Segment Start: DATA IN THIS EXERCISE

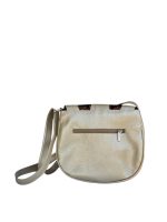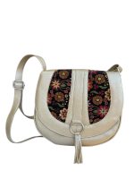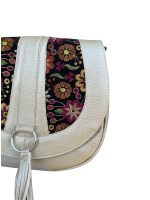 Bolso manos libres en cuero, con detalle faja tejido flores. Adicional al compartimiento principal, cuenta con tres bolsillos ubicados uno bajo la tapa tejida, otro en la parte posterior del bolso y otro en su parte interna, todos ellos con cremallera.
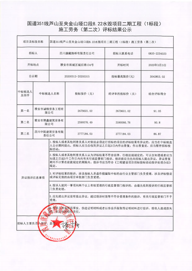 四川康藏路橋有限責(zé)任公司國道351線蘆山至夾金山埡口段8.22水毀項目二期工程(1標(biāo)段)施工勞務(wù)(第二次)評標(biāo)結(jié)果公示
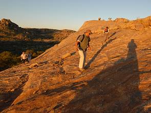 Der Sonnenuntergang auf den Granitfelsen in kleiner Runde war noch wesentlich schöner und idyllischer als der Sunset Walk von der Lodge aus. Bei unserer Ankunft machte sich eine Gruppe scheuer Paviane aus dem Staub. Charles packte die Getränke aus und jeder fand sein Plätzchen. An diesem Abend gab es nicht eine einzige Wolke am Himmel und so fehlte das Farbenspiel am Himmel, nachdem der glutrote Ball hinter einer Bergkette verschwunden war. Für den Weg zurück gab es noch genug Licht, aber wir mussten ja noch zur Lodge zurück. Es wurde schnell dunkel, wie in diesen Breiten üblich und der Landrover pflügte auf der Piste vorbei an fast hüfthohem Gras.
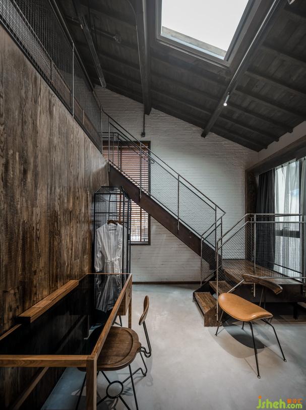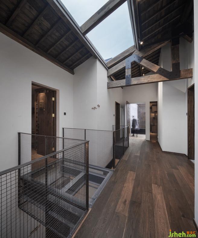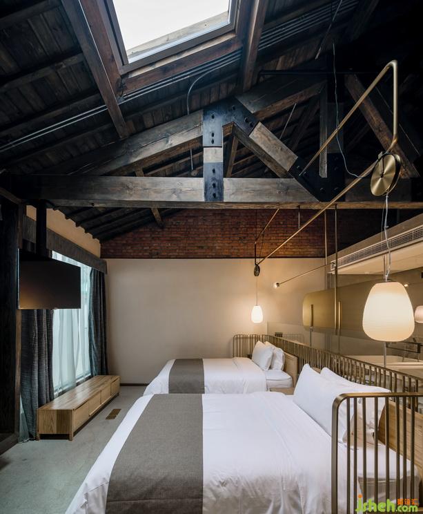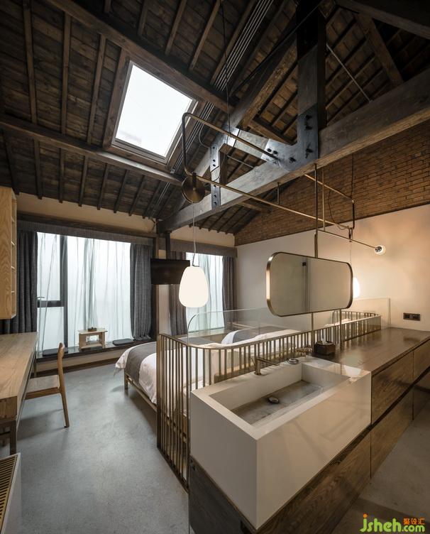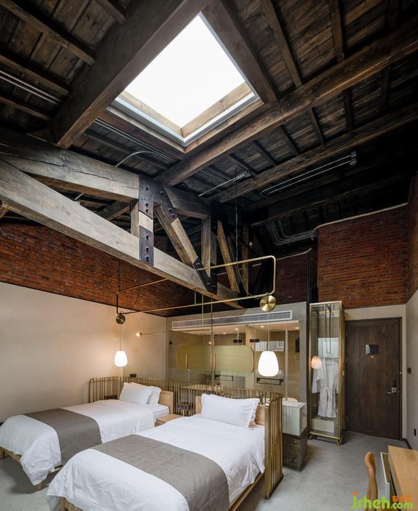民宿客房在朝南的主樓,樓內(nèi)空間功能分區(qū)布局巧妙,恰到好處。中庭,將樓道空間與露臺以及后院全部打通,達到視線與空間的最大程度的開放。玻璃天窗保證了客房公共區(qū)域的采光需求,一改老舊房屋的昏暗,銅質(zhì)和實木相結(jié)合的樓梯承上啟下。陽光照進天窗,輾轉(zhuǎn)映射在二樓白墻,透過挑空的中庭玻璃棧道照射到一樓水磨石地面,整個空間一氣呵成,顯得更加充沛明亮。
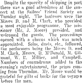 Despite the sparcily of shipping in port there was u good attendance at (he concert at (ho Sailors' Friend Society on Tuesday night. 'I'lie hostesses were the Jlisses D. nn.l M. Clark, who provided a most enjoyable programme. The missioner (Mr. J. Moore) presided, and welcomed the guests. Tlie proceedings opened with a chorus which was much <t|iprecinted. Solos, duels, etc., followed, Cue performers being the Misses I), and JL Clark, Jlessrs. 0. JPDonald. Jl. Gil--111011I:, W. R. Millier, and Campbell. Numbers of conundrums added to (lis evening's entertainment, Ihe prizes coming from Thorndon. Jlr. Moore would bo grateful for gifts of books for the voyages before Ihe men.

Segment End: DATA IN THIS EXERCISE

- TASK TO COMPLETE:
Copy word for word each line of the data above, from the first through the one containing "四川康藏路橋有限責(zé)任", and include no pictures.

- REPLY:
 Bolso manos libres en cuero, con detalle faja tejido flores. Adicional al compartimiento principal, cuenta con tres bolsillos ubicados uno bajo la tapa tejida, otro en la parte posterior del bolso y otro en su parte interna, todos ellos con cremallera.
 四川康藏路橋有限責(zé)任公司國道351線蘆山至夾金山埡口段8.22水毀項目二期工程(1標(biāo)段)施工勞務(wù)(第二次)評標(biāo)結(jié)果公示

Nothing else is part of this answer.